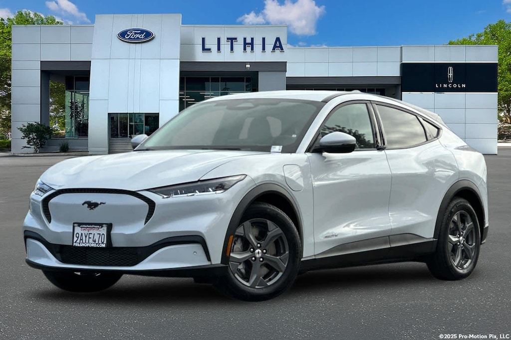 Lithia Ford and Lincoln of Fresno is pleased to offer this Space White Metallic 2022 Ford Mustang Mach-E Select for purchase, this vehicle is well equipped with many features including: Equipment Group 100A, Ford Certified, 4-Wheel Disc Brakes, 6 Speakers, ABS brakes, ActiveX Bucket Seats, Air Conditioning, Alloy wheels, AM/FM radio: SiriusXM with 360L, AM/FM Stereo, Apple CarPlay/Android Auto, Auto High-beam Headlights, Auto-dimming Rear-View mirror, Automatic temperature control, Axle Ratio: 9.05, Brake assist, Bumpers: body-color, Compass, Delay-off headlights, Driver door bin, Driver vanity mirror, Dual front impact airbags, Dual front side impact airbags, Electronic Stability Control, Emergency communication system: 911 Assist, Exterior Parking Camera Rear, Four wheel independent suspension, Front anti-roll bar, Front Bucket Seats, Front Center Armrest, Front dual zone A/C, Front reading lights, Fully automatic headlights, Garage door transmitter, Heated door mirrors, Illuminated entry, Knee airbag, Low tire pressure warning, Navigation system: Connected Navigation, Occupant sensing airbag, Outside temperature display, Overhead airbag, Overhead console, Panic alarm, Passenger door bin, Passenger vanity mirror, Power door mirrors, Power driver seat, Power steering, Power windows, Radio data system, Rain sensing wipers, Rear anti-roll bar, Rear seat center armrest, Rear side impact airbag, Rear window defroster, Rear window wiper, Remote keyless entry, Security system, SiriusXM Radio w/360L, Speed control, Speed-sensing steering, Speed-Sensitive Wipers, Split folding rear seat, Spoiler, Steering wheel mounted audio controls, SYNC 4A w/Enhanced Voice Recognition, Telescoping steering wheel, Tilt steering wheel, Traction control, Trip computer, Turn signal indicator mirrors, Variably intermittent wipers, and Wheels: 18 Carbonized Gray-Painted Aluminum. RWD Electric Motor Single-Speed Automatic Select
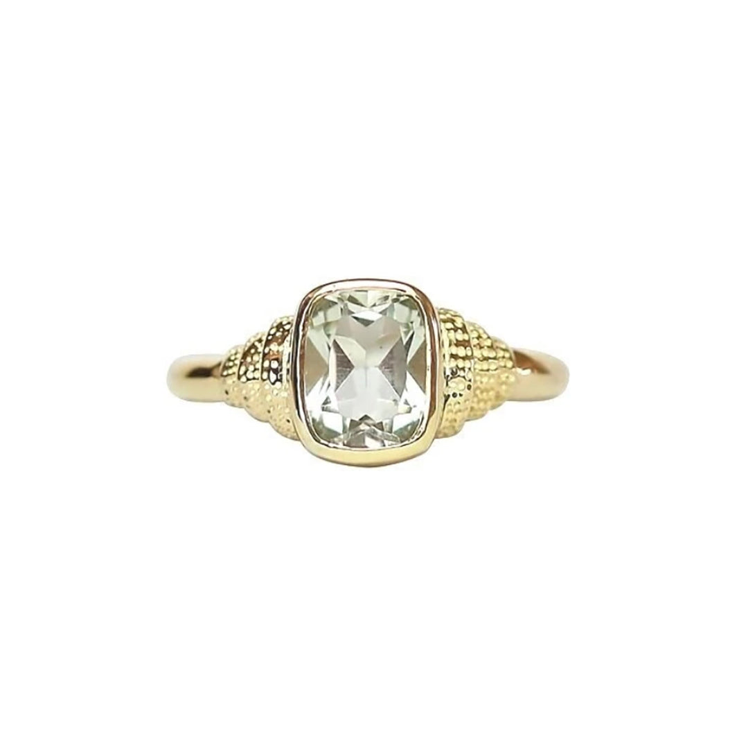 14K gold vermeil statement ring featuring a faceted cushion-cut green amethyst.
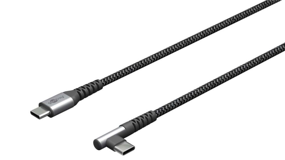 Cablu elegant extra-robust textil 0.5m 60W USB2.0 type C 90 grade - USB type C mufe metalice Goobay 64658
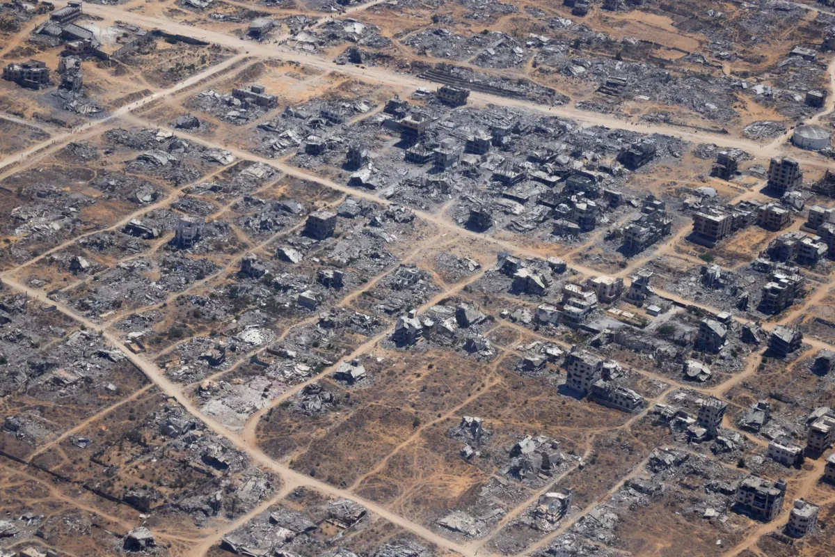 صورة تظهر دماراً واسعاً في وسط قطاع غزة كما أظهرته طائرة تابعة لسلاح الجو الألماني أثناء إسقاطها مساعدات إنسانية... 6 أغسطس 2025 (إ.ب.أ)
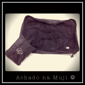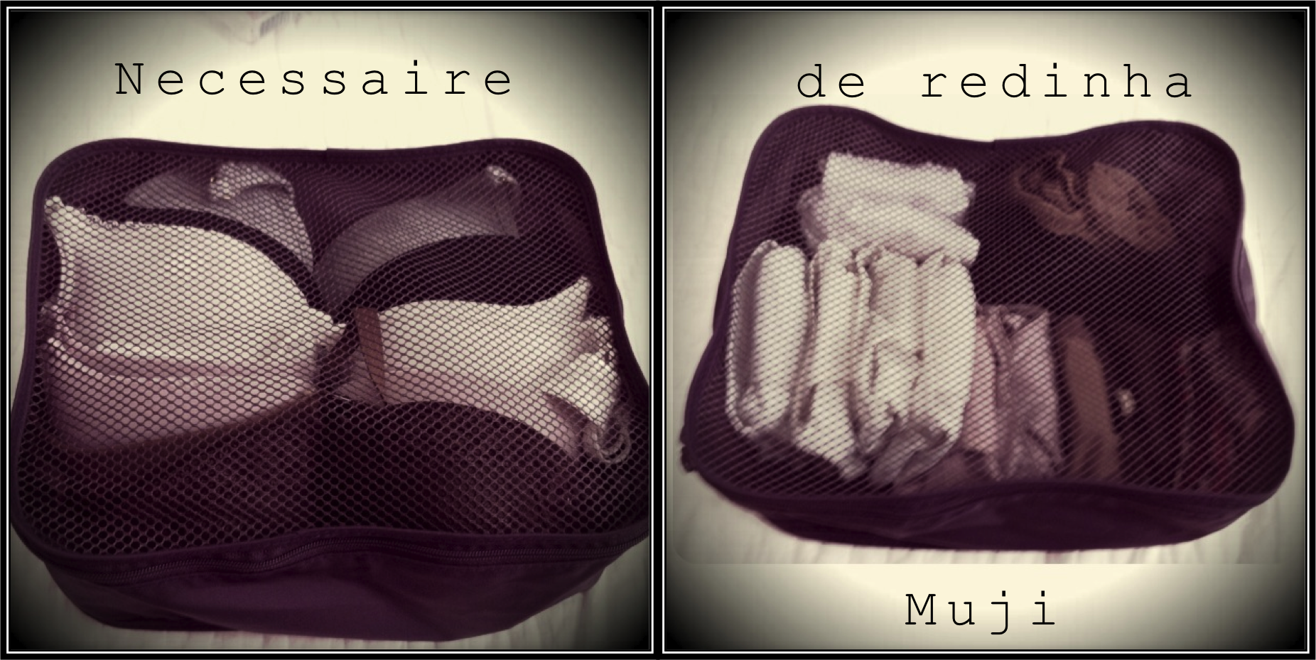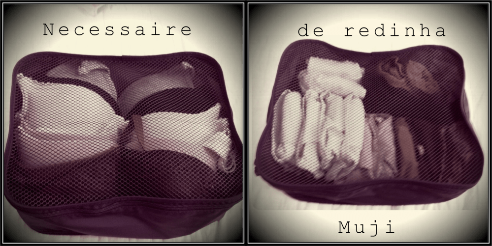 # Lingerie e meias – sempre foram um problema para mim e nunca me ajeitei bem. A Muji resolveu os meus problemas. As necessaires de redinha tamanho P são sensacionais! Organizo em uma os meus sutiãs e na outra, as minhas calcinhas. Se você não vai precisar de muitas calcinhas, ainda cabem meias na mesma necessaire. As calcinhas coloco todas dobradinhas em formato envelope e as meias também (ver como dobrar aqui e aqui). Você também pode pegar uma necessaire para meias curtas e meia calça. Aliás, mesmo que você não tenha essa necessaire da Muji, pode adaptar e colocar a sua lingerie e meias em outras que cumpram a mesma função ou similar. Super recomendo deixar tudo organizado. Uma das vantagens desta da Muji, além do formato ideal para encaixar bonitinha na mala, é a redinha que permite você identificar facilmente na mala o que está dentro. Ah, ela também não rouba espaço na mala, pois é feita de um material bem fininho.
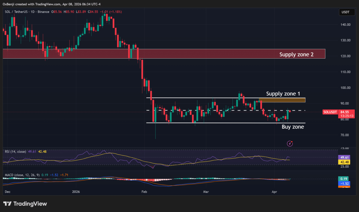 Meanwhile, $SOL’s price surged about 7%, rising from $78 to $87 after the Iran ceasefire offered broader market relief. If the bidding extends into the weekend, the mid-range of $85 could be reclaimed, offering a pathway to the range high of $90-$93 or a 9% potential gain.
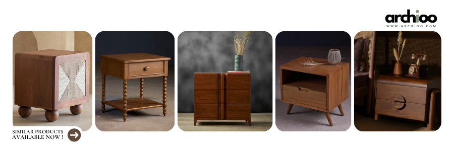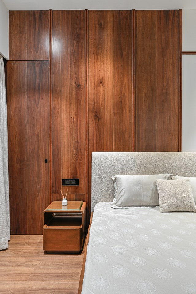 Lighting plays a key role here — recessed spotlights emphasize the textures on the wall, while warm-toned ambient lighting creates a soothing atmosphere. The bedside tables, featuring curved wooden drawers and glass tops, echo the design continuity seen throughout the home.
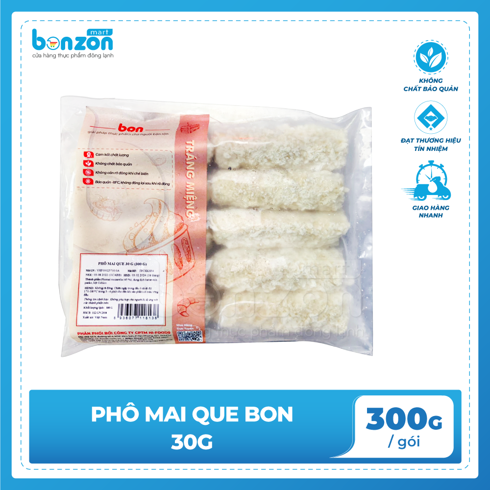 Với sản phẩm tươi sống, trọng lượng thực tế có thể chênh lệch khoảng 10%. ĐỊNH LƯỢNG: 300g/gói THÀNH PHẦN: Phomai mozzarella (45%), batter mix, panko, bột Unicho CÁCH CHẾ BIẾN: Không rã đông.
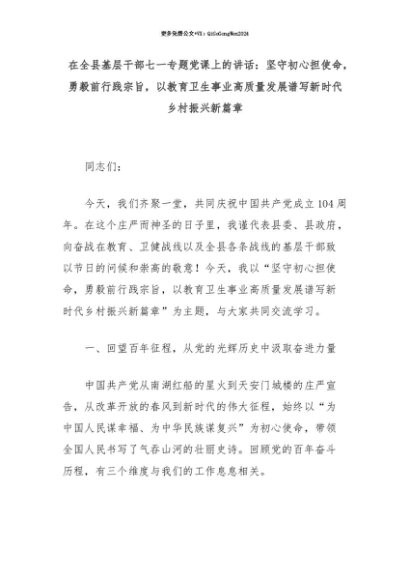 【七哥公文】2025年:【七哥公文】在全县基层干部七一专题党课上的讲话:坚守初心担使命,勇毅前行践宗旨,以教育卫生事业高质量发展谱写新时代乡村振兴新篇章+更多免费公文+VX:QiGeGongWen2024+更多免费公文+VX:QiGeGongWen2024

========================================

▶ [PROMPT]:
Exact copy, pictures excluded: restate every record above word for word.

▶ [ANSWER SPACE]:
 Lithia Ford and Lincoln of Fresno is pleased to offer this Space White Metallic 2022 Ford Mustang Mach-E Select for purchase, this vehicle is well equipped with many features including: Equipment Group 100A, Ford Certified, 4-Wheel Disc Brakes, 6 Speakers, ABS brakes, ActiveX Bucket Seats, Air Conditioning, Alloy wheels, AM/FM radio: SiriusXM with 360L, AM/FM Stereo, Apple CarPlay/Android Auto, Auto High-beam Headlights, Auto-dimming Rear-View mirror, Automatic temperature control, Axle Ratio: 9.05, Brake assist, Bumpers: body-color, Compass, Delay-off headlights, Driver door bin, Driver vanity mirror, Dual front impact airbags, Dual front side impact airbags, Electronic Stability Control, Emergency communication system: 911 Assist, Exterior Parking Camera Rear, Four wheel independent suspension, Front anti-roll bar, Front Bucket Seats, Front Center Armrest, Front dual zone A/C, Front reading lights, Fully automatic headlights, Garage door transmitter, Heated door mirrors, Illuminated entry, Knee airbag, Low tire pressure warning, Navigation system: Connected Navigation, Occupant sensing airbag, Outside temperature display, Overhead airbag, Overhead console, Panic alarm, Passenger door bin, Passenger vanity mirror, Power door mirrors, Power driver seat, Power steering, Power windows, Radio data system, Rain sensing wipers, Rear anti-roll bar, Rear seat center armrest, Rear side impact airbag, Rear window defroster, Rear window wiper, Remote keyless entry, Security system, SiriusXM Radio w/360L, Speed control, Speed-sensing steering, Speed-Sensitive Wipers, Split folding rear seat, Spoiler, Steering wheel mounted audio controls, SYNC 4A w/Enhanced Voice Recognition, Telescoping steering wheel, Tilt steering wheel, Traction control, Trip computer, Turn signal indicator mirrors, Variably intermittent wipers, and Wheels: 18 Carbonized Gray-Painted Aluminum. RWD Electric Motor Single-Speed Automatic Select
 14K gold vermeil statement ring featuring a faceted cushion-cut green amethyst.
 Cablu elegant extra-robust textil 0.5m 60W USB2.0 type C 90 grade - USB type C mufe metalice Goobay 64658
 صورة تظهر دماراً واسعاً في وسط قطاع غزة كما أظهرته طائرة تابعة لسلاح الجو الألماني أثناء إسقاطها مساعدات إنسانية... 6 أغسطس 2025 (إ.ب.أ)
 # Lingerie e meias – sempre foram um problema para mim e nunca me ajeitei bem. A Muji resolveu os meus problemas. As necessaires de redinha tamanho P são sensacionais! Organizo em uma os meus sutiãs e na outra, as minhas calcinhas. Se você não vai precisar de muitas calcinhas, ainda cabem meias na mesma necessaire. As calcinhas coloco todas dobradinhas em formato envelope e as meias também (ver como dobrar aqui e aqui). Você também pode pegar uma necessaire para meias curtas e meia calça. Aliás, mesmo que você não tenha essa necessaire da Muji, pode adaptar e colocar a sua lingerie e meias em outras que cumpram a mesma função ou similar. Super recomendo deixar tudo organizado. Uma das vantagens desta da Muji, além do formato ideal para encaixar bonitinha na mala, é a redinha que permite você identificar facilmente na mala o que está dentro. Ah, ela também não rouba espaço na mala, pois é feita de um material bem fininho.
 Meanwhile, $SOL’s price surged about 7%, rising from $78 to $87 after the Iran ceasefire offered broader market relief. If the bidding extends into the weekend, the mid-range of $85 could be reclaimed, offering a pathway to the range high of $90-$93 or a 9% potential gain.
 Lighting plays a key role here — recessed spotlights emphasize the textures on the wall, while warm-toned ambient lighting creates a soothing atmosphere. The bedside tables, featuring curved wooden drawers and glass tops, echo the design continuity seen throughout the home.
 Với sản phẩm tươi sống, trọng lượng thực tế có thể chênh lệch khoảng 10%. ĐỊNH LƯỢNG: 300g/gói THÀNH PHẦN: Phomai mozzarella (45%), batter mix, panko, bột Unicho CÁCH CHẾ BIẾN: Không rã đông.
 【七哥公文】2025年:【七哥公文】在全县基层干部七一专题党课上的讲话:坚守初心担使命,勇毅前行践宗旨,以教育卫生事业高质量发展谱写新时代乡村振兴新篇章+更多免费公文+VX:QiGeGongWen2024+更多免费公文+VX:QiGeGongWen2024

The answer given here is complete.